Please note, the field printdate does not have a corresponding form field. That is why we added a dummy printdate key to the $inputs array. Without this, the script can still run but there will be notice saying that the index printdate is not presented in the $inputs array.

After updating the fields with form values, we will print the document using:

$d->PrintOut();

The PrintOut method has a few optional parameters and we are using its simplest form. This will print one copy to the default printer connected to our Windows machine.

We can also choose to use PrintPreview to take a look at the output before we decide to print the document. In a purely automated environment, we will of course use PrintOut instead.

We have to wait for a few seconds before we quit the Word application because the printing job needs some time to be fully spooled. Without delay(3), $w->Quit gets executed immediately and the printing job gets killed too.

Finally, we call $w->Quit(false) to close the Word application invoked by our PHP script. The only parameter provided here is to specify if we want to save changes before quitting. We did make changes to the document but we really don’t want to save them because we want to keep a clean template for other users’ input.

After we complete the code, we can load the form page, input some values and submit the form. The below images show the output of the PHP script and also the updated Word document:


Improving the coding speed and understanding more about PIA

PHP is a weakly typed language. A COM object is of type Object. During our PHP coding, there is no way to get a meaningful code insight out of an object, be it a Word Application, a Document, or a Field. We don’t know what properties it has, or what methods it supports.

This will greatly slow down our development speed. To make it faster, I would recommend we develop the functions in C# first and then migrate the code back to PHP. A free C# IDE I would recommend is called “#develop” and can be downloaded here. I prefer this one to the VS series because #develop is smaller, cleaner, and faster.

The migration of C# code to PHP is not scary at all. Let me show you some lines of C# code:

Word.Application w=new Word.Application();
w.Visible=true;
			
String path=Application.StartupPath+"\\template.docx";
			
Word.Document d=w.Documents.Open(path) as Word.Document;
			
Word.Fields flds=d.Fields;
int len=flds.Count;
			
foreach (Word.Field f in flds)
{
	f.Select();
	int i=f.Index;
	w.Selection.TypeText("...");
}

We can see that C# code is almost identical to the PHP code we showed previously. C# is strongly typed so we see a few type casting statements and we have to explicitly give our variables a type.

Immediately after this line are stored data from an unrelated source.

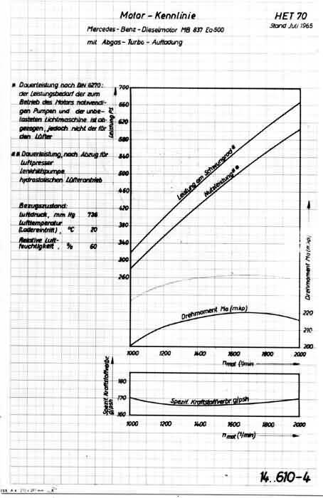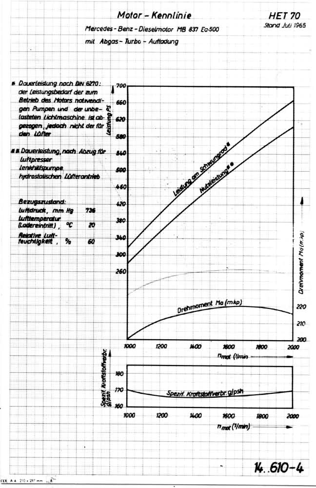Die obere Leistungskurve zeigt die Dauerleistung "B" nach DIN 6270, d. i. die am Schwungrad verfügbare Leistung und korrespondiert mit der oberen schwach gezeichneten Drehmomentenkurve. Die untere Leistungskurve, hier mit "Nutzleistung" bezeichnet, stellt die zur Verfügung stehende Leistung nach Abzug des Leistungsverzehrs für den unbelasteten Luftpresser und Lenkhilfspumpe sowie für den hydrostatischen
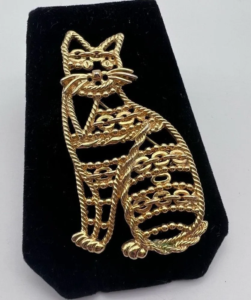 Vintage 80s AJC Unisex Gold Tone Cutouts Open Pin Filigree Cat Kitten Brooch Pin Brand: AJC Departm... Show more
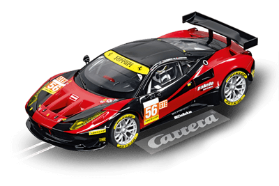 Une puissance à l’état pur et un design sympathique Ce bolide impose le respect rien que par son aspect extérieur : le design noir et rouge impressionne au premier coup d’œil. Une chose est sûre : la Ferrari 458 Italia GT2 a été conçue pour gagner ! Mais la maîtrise de cette voiture nécessite des efforts considérables : le pilote doit littéralement écraser le levier de vitesse chaque seconde sans embrayer ! La Ferrari 458 Italia GT2 « AT Racing N°56 » Carrera DIGITAL 132 remporte tous les suffrages grâce à ses feux avant, sa fonction de feux arrière/de freinage et ses finitions exactes reflétant l’originale. La voiture Carrera peut être codifiée individuellement, est contrôlable de manière numérique et offre un véritable plaisir de conduite. [texte Carrera]
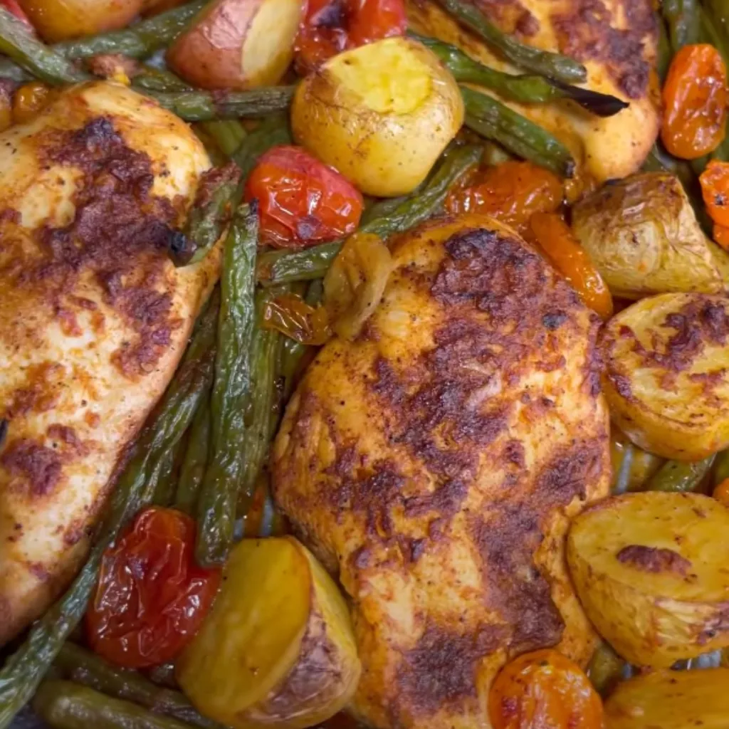 This effortless and delightful sheet pan chicken with roasted veggies combines succulent chicken breasts with tender green beans, creamy baby potatoes, and juicy cherry tomatoes. A tangy, spicy marinade elevates the dish, making it a crowd-pleaser that's both wholesome and flavorful. Perfect for busy weeknights, this all-in-one meal requires minimal preparation and promises to satisfy everyone at the table.
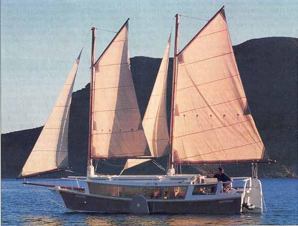 Gogan continued, “Bolger designed the boat with leeboards. Very few boats around here have them. So, many people who see the boat ask me what they are for and I tell them they enable sailing in much shallower waters than most cruising boats. We can easily sail to kneedeep waters for landing. Sailing her is a little challenging as she is what Bolger calls 'tender,' or tipsy. Though we cannot sail in winds over 15 knots, we love the 360° views, hatches for sky views and fresh air, and interior space aboard. My wife and I are grateful to Bill Jochems for inspiring, and constructing, such a fun, distinctive schooner that we’ve been sailing since 2015."
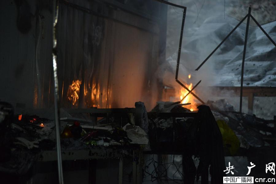 板房?jī)?nèi)正在燃燒的民工床鋪(央廣網(wǎng)發(fā) 陳玉 攝)
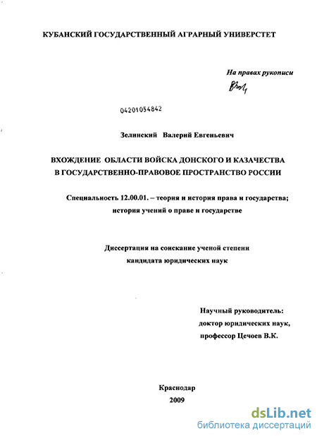 Актуальность темы исследования. Изучение проблем вхождения донского казачества в новое время (XV - начало XX вв.) в правовое пространство России является весьма важной задачей историко-правовой науки. Актуальность темы усиливается в Южном федеральном округе, в котором располагается Донской край, неподдельным интересом в возрождающейся казачьей среде, интересующейся своим богатым прошлым, своей самобытной культурой.
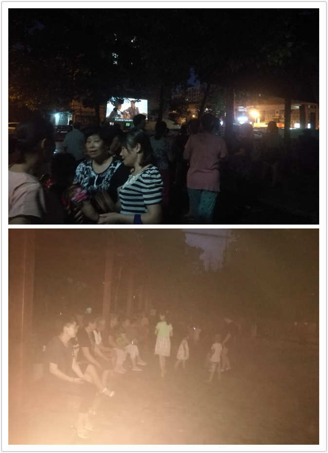 正值暑假期间,社区很多孩子放假在家由老人照看,为了丰富社区小朋友假期的精神文化生活,康居里社区组织社区五老讲师团成员开展“清凉一夏、一起看电影”活动,五老讲师团张老师联系了电影公司于2017年7月3日晚上七点半在康居里小区广场为社区居民和小朋友播放电影,居民们纷纷带着孩子,三五成群结伴前来观看。孩子们一边观看电影、一边做游戏,体验童真的快乐和伙伴玩耍的乐趣。电影进社区,进一步推动了社区文化建设,也让居民们的业余文化生活丰富起来。
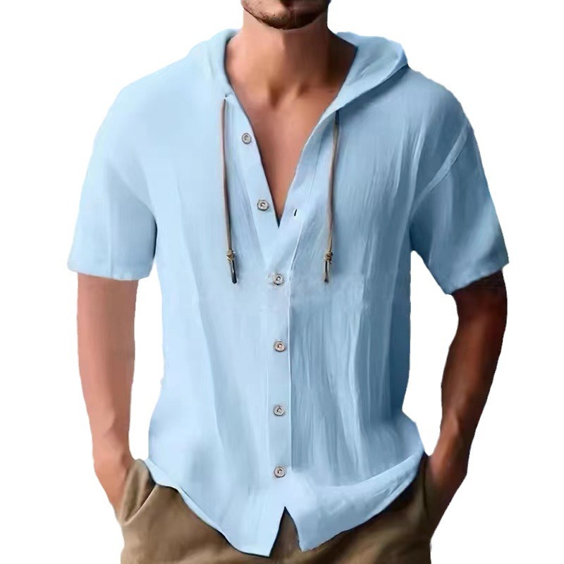 Cross border European and American men's sports and leisure hooded short sleeved shirt sweatshirt versatile loose beach suit simple and casual

With variable type given, we can enjoy code insight and code completion so the development speed is much faster.

Another way to speed up our PHP development is to tap on Word macros. We perform the same actions we need to do and record them with a macro. The macro is in Visual Basic, which can also be easily transformed to PHP.

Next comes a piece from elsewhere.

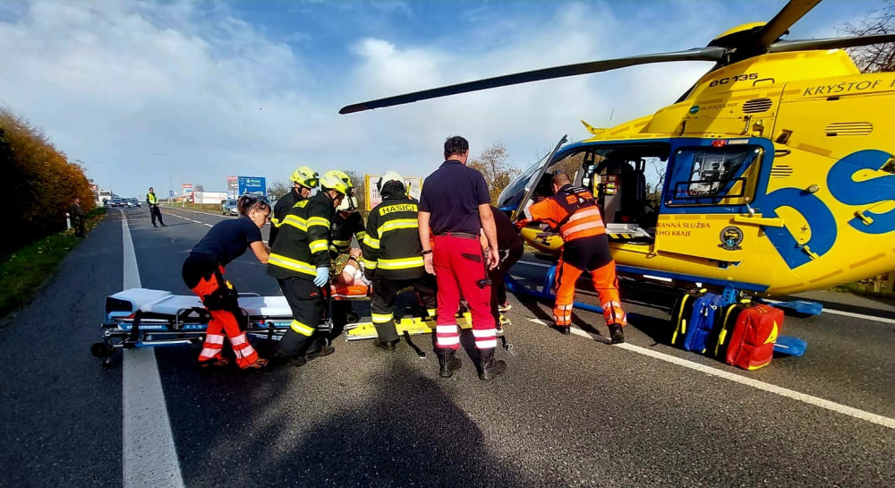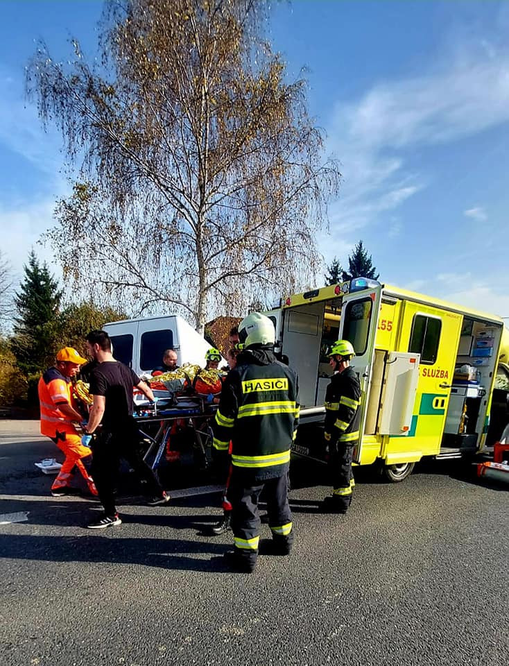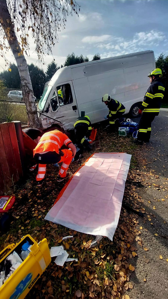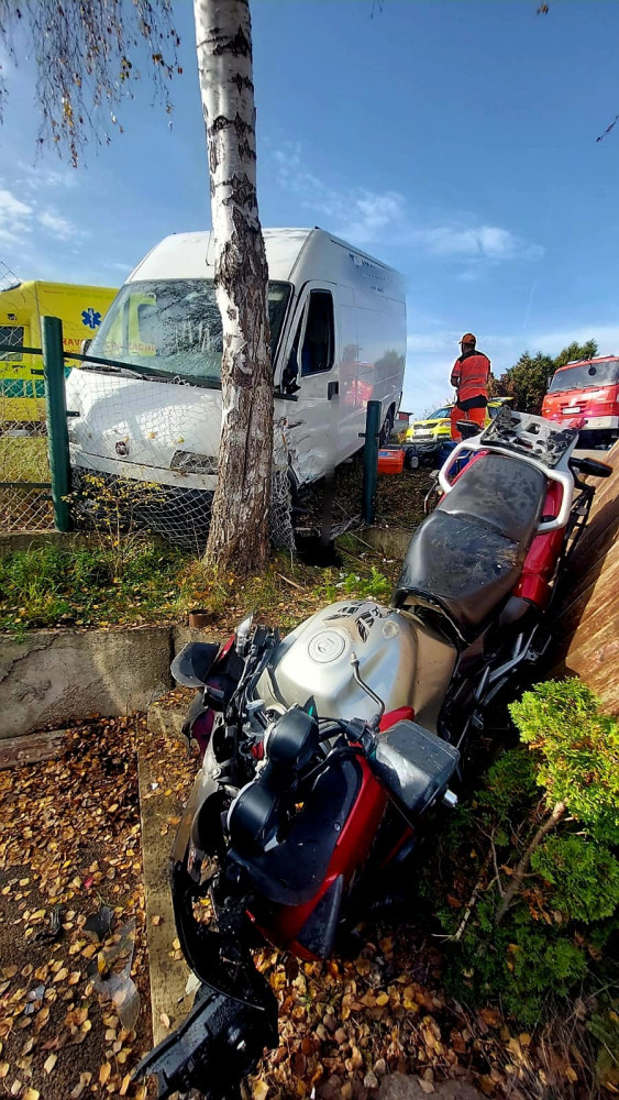 Motorkář skončil v plotu po střetu s dodávkou. Záchranáři ho museli vyprostit
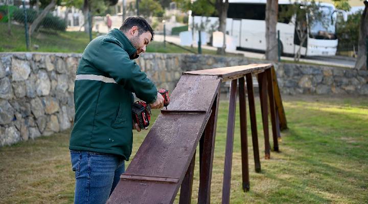 Kuşadası Belediyesi Park ve Bahçeler Müdürlüğü ekipleri, farklı mahallelerde yıl boyunca eş zamanlı olarak bakım, onarım ve yenileme çalışmaları yürütüyor. Çocuk parklarındaki kent mobilyaları, oyun grupları ve yeşil alanların belirlenen program dâhilinde düzenli olarak bakımını yapan ekipler bir yandan da evcil hayvanlar için daha sağlıklı yaşam alanları oluşturmak amacıyla kente kazandırılan köpek eğitim parklarını da unutmuyor.

Most importantly, Microsoft’s official documentation on Office PIA, especially the namespace documentation for each Office applications, is always the most detailed reference material. The mostly used three applications are:

Conclusion

In this article, we demonstrated how to populate a Word document using PHP COM libraries and Microsoft Office Interop capabilities.

Windows and Office are widely used in everyday life. To have knowledge on the power of both Office/Windows and PHP will be essential for any PHP + Windows programmers.

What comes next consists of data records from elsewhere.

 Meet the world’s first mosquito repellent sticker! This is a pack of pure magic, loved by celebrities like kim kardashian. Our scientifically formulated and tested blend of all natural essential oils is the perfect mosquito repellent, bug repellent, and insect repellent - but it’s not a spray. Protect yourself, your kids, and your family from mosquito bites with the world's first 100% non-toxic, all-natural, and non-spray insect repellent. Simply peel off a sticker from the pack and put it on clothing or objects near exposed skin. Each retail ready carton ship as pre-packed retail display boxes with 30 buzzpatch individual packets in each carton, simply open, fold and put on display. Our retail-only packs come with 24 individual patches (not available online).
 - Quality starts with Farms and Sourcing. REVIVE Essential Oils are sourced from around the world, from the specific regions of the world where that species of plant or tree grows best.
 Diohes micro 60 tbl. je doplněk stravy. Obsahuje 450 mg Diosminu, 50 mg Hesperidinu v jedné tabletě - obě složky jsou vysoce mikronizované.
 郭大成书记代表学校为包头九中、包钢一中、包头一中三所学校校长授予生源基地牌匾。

With PHP’s COM extension, the door to mastering this combination is opened.

If you are interested in this area of programming, please leave your comments and we will consider having more articles on this topic. I look forward to seeing more real world applications developed using this approach.

Free book: Jump Start HTML5 Basics

Grab a free copy of one our latest ebooks! Packed with hints and tips on HTML5's most powerful new features.

  • http://www.php.net/ Kalle Sommer Nielsen

    The PHP Examples are crippled

    • Taylor Ren

      The PHP code output gets distorted. I can’t edit a post when it is posted.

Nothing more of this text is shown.